Even after calling pd.get_dummies(), a column can remain as object type if it contains mixed data — for example, a column that is mostly numeric but has a few stray string values like "N/A" or "unknown". Run print(X.dtypes) immediately before the train/test split. Any column still showing object needs to be handled: either coerce it to numeric with pd.to_numeric(col, errors='coerce') (which converts unparseable values to NaN for the imputer to handle), or drop it if it carries no predictive value.

Key Takeaways

  1. The ML workflow is consistent: Load data, split into train/test, instantiate a model, fit on training data, predict on test data, and evaluate. This same loop applies to every supervised learning problem.
  2. Always split your data before anything else: The test set must remain unseen during training and preprocessing. Use train_test_split with stratify=y as your default, especially on imbalanced datasets.
  3. Accuracy alone is not enough: Check precision, recall, and F1 score. Which metric to prioritize depends on whether false positives or false negatives are more costly in your specific use case.
  4. Tune hyperparameters with cross-validation: K in KNN is just one example. Loop over candidate values, compare CV scores, and let the data pick — don't guess.
  5. GridSearchCV automates the search: Rather than writing a manual loop, hand GridSearchCV a pipeline and a param_grid dictionary. It runs every combination, picks the best, and refits the winner — all in a few lines. Always call grid.fit(X_train, y_train), never on the full dataset.
  6. Cross-validation beats a single split: Use cross_val_score with cv=5 or cv=10 to get a reliable estimate of how your model will perform on new data.
  7. Pipelines prevent data leakage: Chain your preprocessing and model together using Pipeline.
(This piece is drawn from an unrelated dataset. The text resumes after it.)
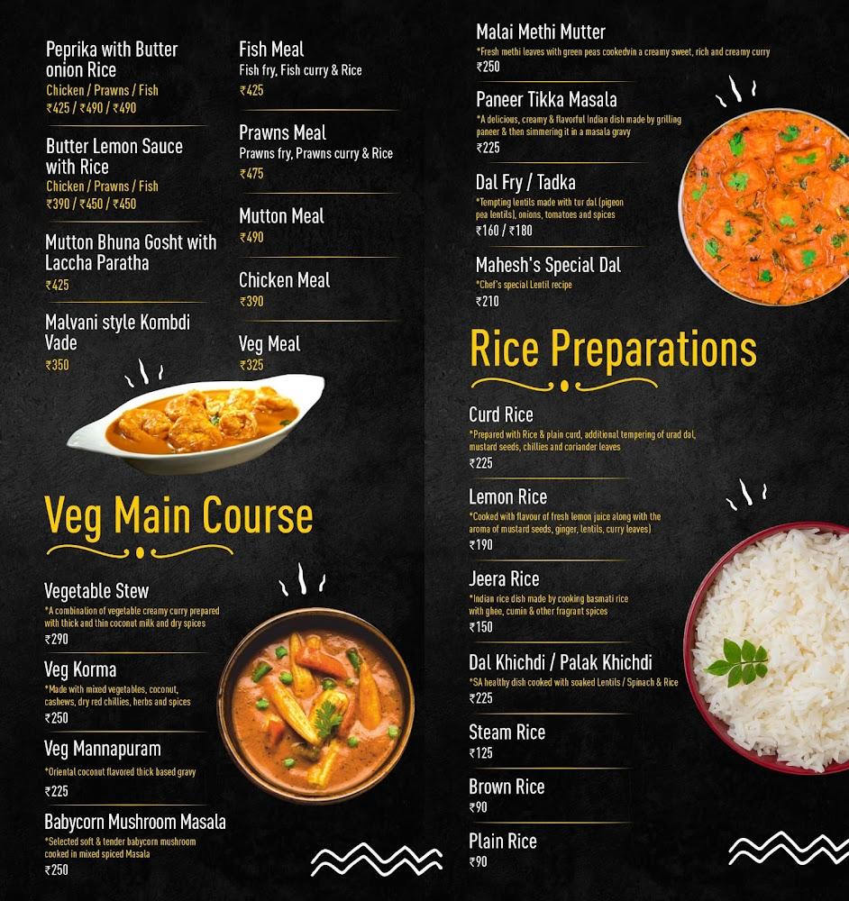 Mahesh Lunch Home showcases a diverse menu rooted in authentic coastal cuisine, framing it as more than just a restaurant but a culinary adventure. Seafood reigns supreme here, with highlights like the Surmai Tawa Fry and the Mahesh Special Crab that showcase the freshness of the ocean.

It's not just convenient — it's correct. Scale inside the Pipeline, not before splitting.
  8. Know which algorithms need scaling: Distance-based methods (KNN, SVM) require it. Tree-based methods (Decision Tree, Random Forest) do not. When in doubt, include a StandardScaler — it won't hurt.
  9. No single algorithm wins everywhere: Benchmark several options, check precision and recall (not just accuracy), and choose based on your specific data and requirements.

From here, natural next steps include regression problems with LinearRegression, handling more complex real-world data issues like missing values with SimpleImputer and categorical features with OrdinalEncoder or OneHotEncoder, and scaling up hyperparameter searches with RandomizedSearchCV when the parameter space becomes too large to evaluate exhaustively. The patterns you practiced here carry over directly — the scikit-learn API stays the same regardless of algorithm or task type.